User787878787878 · 23/12/2022 15:22

She's still with us, but has advanced dementia. She doesn't know who I am anymore. On the good days she's pleased to see me because she understands that she knows me, but isn't sure why. On the bad days she thinks I'm a total stranger.

Just a bit of a whinge. We've been living with it for a while so it's not a new situation, but every so often it hits me, especially at this time of year. Like a wave of grief that I won't ever get her back.

I passed a woman my age and her Mum in the supermarket last week, shopping for Christmas stuff. I ended up leaving my shopping to go and cry in the car. I decorated a Christmas tree for her and found an unopened box of baubles that she must have bought before she became ill and had never used. I hung them up but it was so hard.
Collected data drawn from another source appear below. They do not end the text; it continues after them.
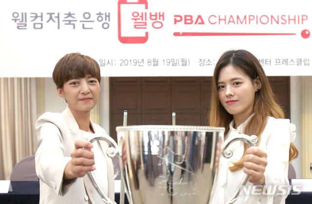 【서울=뉴시스】19일 서울 중구 프레스센터에서 열린 웰컴저축은행 웰뱅 PBA-LPBA 챔피언십 미디어데이에서 임정숙(왼쪽), 서한솔 선수가 포즈를 취하고 있다. 2019.08.19. (사진=PBA투어 제공)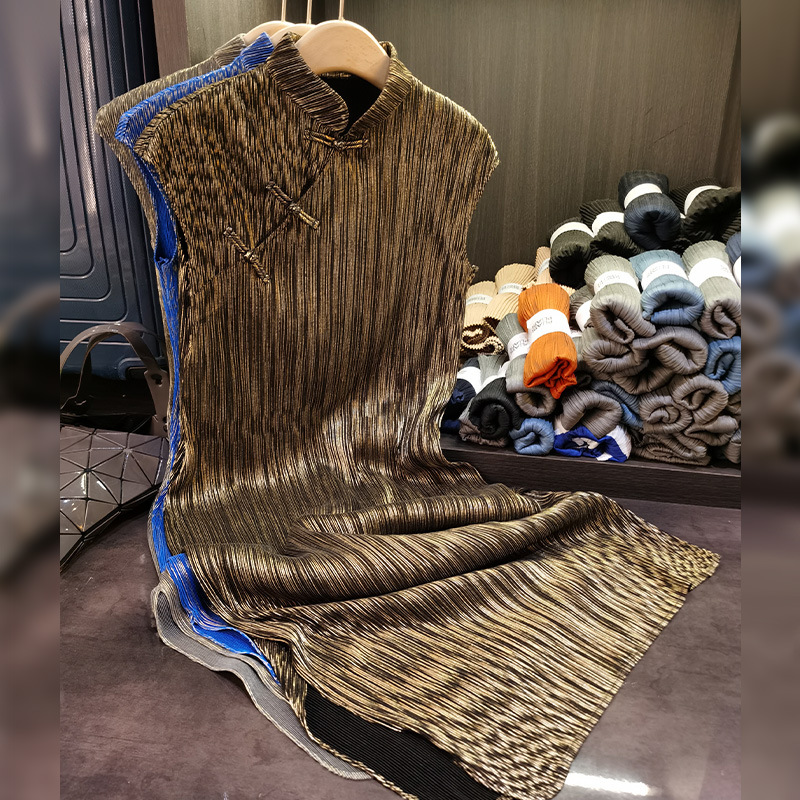 Sanzhai gaun berlipat lengan pendek, gaun lipit logam elegan kerah berdiri terbelah untuk wanita
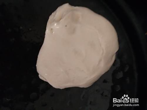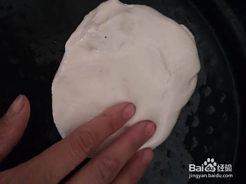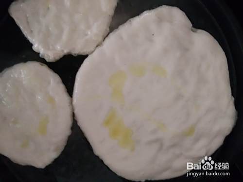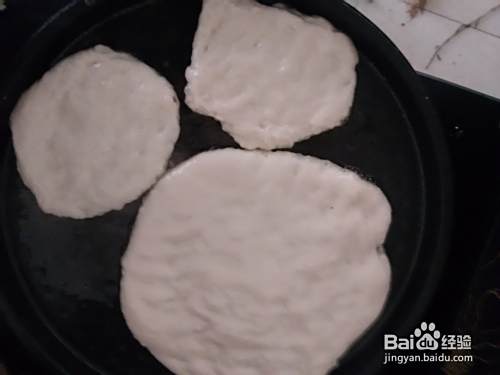 洗净双手用手粘上清水,揪出适当大小的面团放在电饼铛上,用手向两边慢慢摊开(如图)。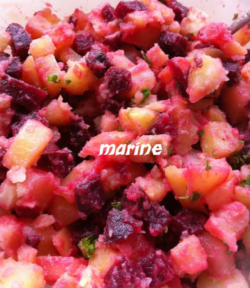 faire cuire les pommes de terre a l’eau salée une fois pelées, une fois cuite et refroidie la couper en cube puis la mettre dans un saladier , couper en cube la betterave également, attention ,( bien juteux et très tachant )la mettre avec les pommes de terre , verser de la vinaigrette, bien mélanger , délicatement en y ajoutant le persil finement couper , servir bien frais. Plusieurs bloggeurs me l’on également conseiller avec de la mayo a la place de la vinaigrette (perso jamais testée mais pourquoi pas )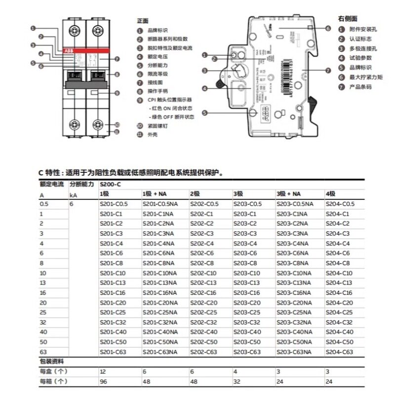 C10 C16 C40 S202 C63 C32 S203 C25 ABB空气开关断路器S201 C20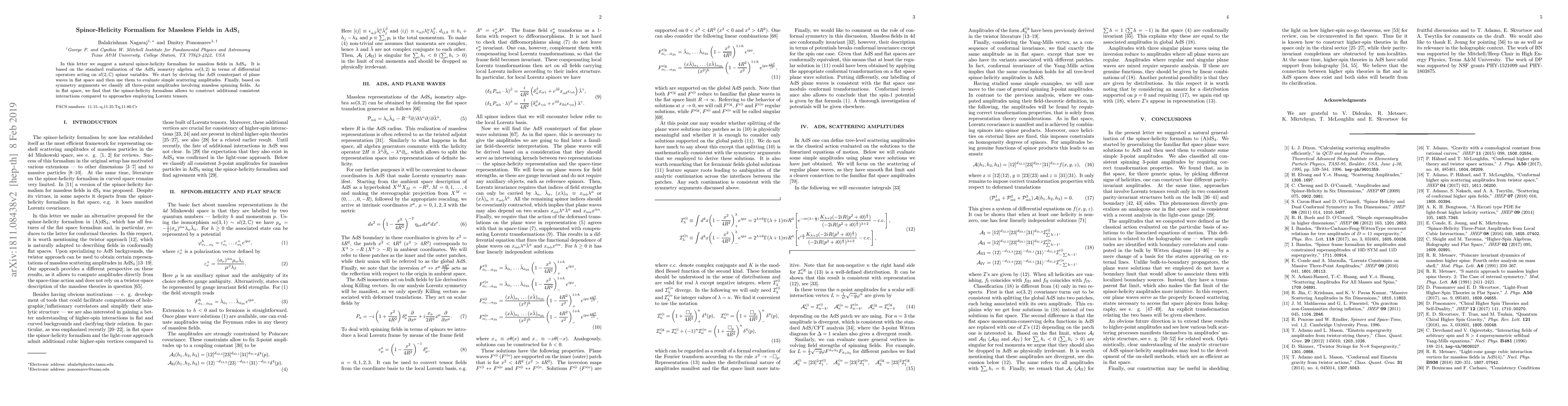 This paper proposes a spinor-helicity formalism for massless fields in AdS${}_4$, utilizing differential operators on $sl(2,\mathbb{C})$ spinors. It evaluates scattering amplitudes and classifies three-point interactions, revealing additional consistent interactions beyond tensor-based approaches.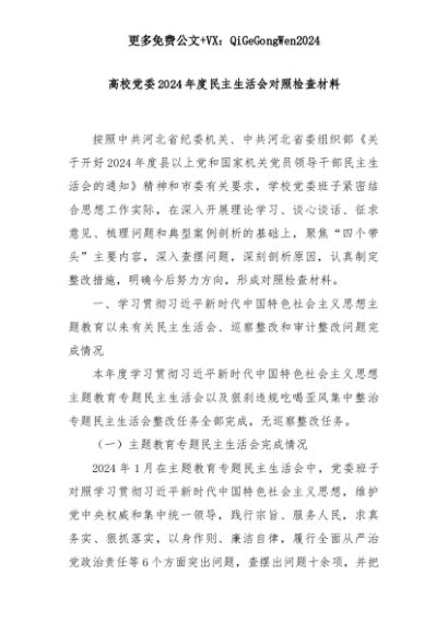 【七哥公文】2025年:高校党委2024年度民主生活会对照检查材料+更多免费公文+VX:QiGeGongWen2024+更多免费公文+VX:QiGeGongWen2024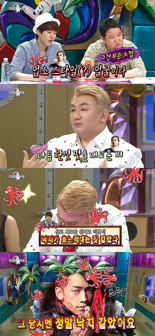 이에 MC 규현은 "방시혁이 당시 '학교에서 날리던 친구였는데 완성된 춤도 아니고 춤도 과도한 웨이브 때문에 낙지가 흐느적대는 것 같았다'고 비에게 말했다더라"고 폭로했다.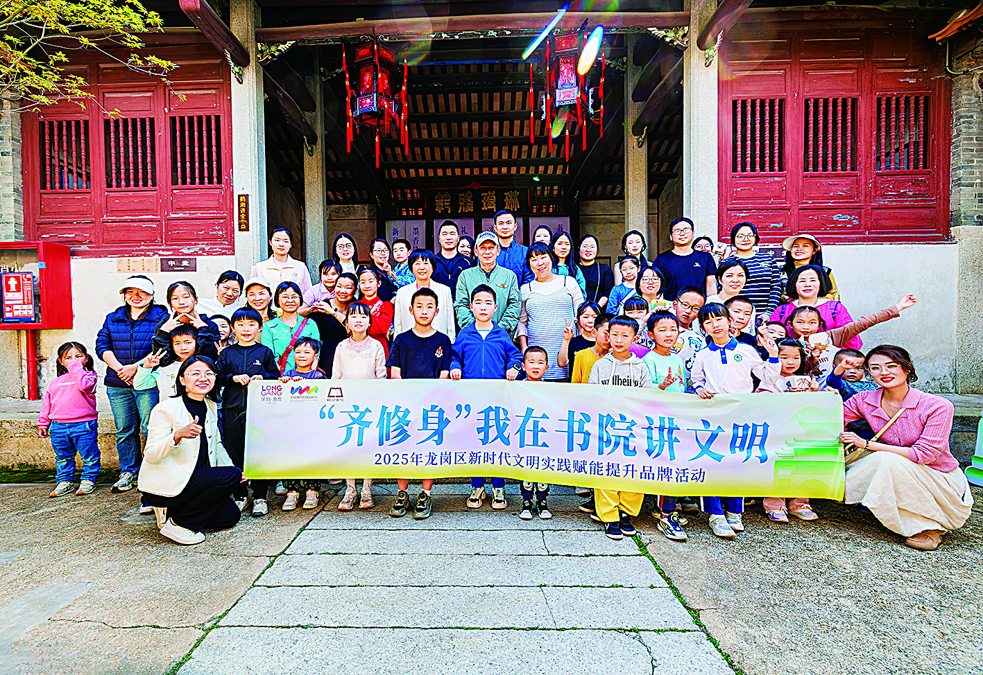 本报讯 (龙岗融媒记者 刘雯琪) 3月22日,2025年龙岗区新时代文明实践赋能提升项目首场活动——“我在书院讲文明”在深圳鹤湖书院启幕。首场活动以“齐修身”品牌为核心,依托鹤湖书院深厚的历史文化底蕴,通过丰富多样的艺术体验活动,吸引了数百名市民热情参与,让文明新风吹进千家万户。?

I just miss her.

OP posts:
User787878787878 · 28/12/2022 18:12

She died yesterday. I just feel numb.

OP posts:
BaublesandBangles · 28/12/2022 18:20

I'm so sorry 💐

clairea123 · 28/12/2022 20:42

I hear you. Completely different circumstances but I don’t have a good relationship with my mum- seeing others out with their mums, enjoying one another’s company and support always brings a lump to my throat.

Underscore21 · 28/12/2022 22:21

I'm so sorry to hear that OP Flowers

limitededitionbarbie · 28/12/2022 22:30

Op I'm really sorry to read that.

I'm so very sorry.

Hope you have been managing and getting through the days.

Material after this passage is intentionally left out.